* What is required
Everything in the data below is left aside except the lines from the one containing "Centura neagră din" through the one containing "へんてこな形をいかして「へんてこ学校」を考えて描いています。"; repeat those exactly.

* Data for review
·····

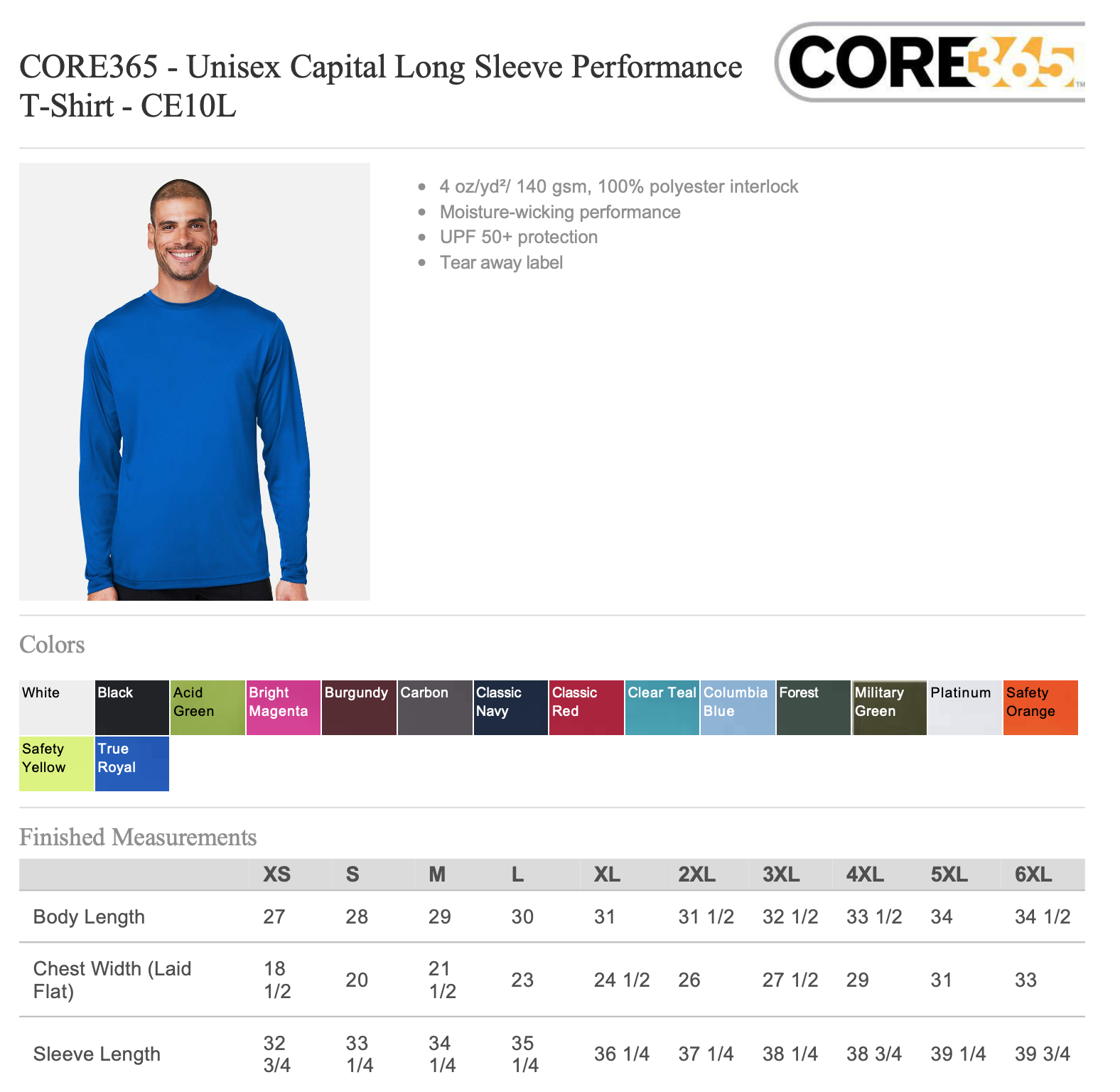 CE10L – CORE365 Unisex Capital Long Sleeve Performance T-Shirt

·····

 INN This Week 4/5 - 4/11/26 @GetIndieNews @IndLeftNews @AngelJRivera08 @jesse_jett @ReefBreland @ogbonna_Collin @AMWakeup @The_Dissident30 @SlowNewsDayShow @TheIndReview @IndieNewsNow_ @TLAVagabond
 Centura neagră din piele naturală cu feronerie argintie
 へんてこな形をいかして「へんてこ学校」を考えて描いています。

·····

* Solution
 Centura neagră din piele naturală cu feronerie argintie
 へんてこな形をいかして「へんてこ学校」を考えて描いています。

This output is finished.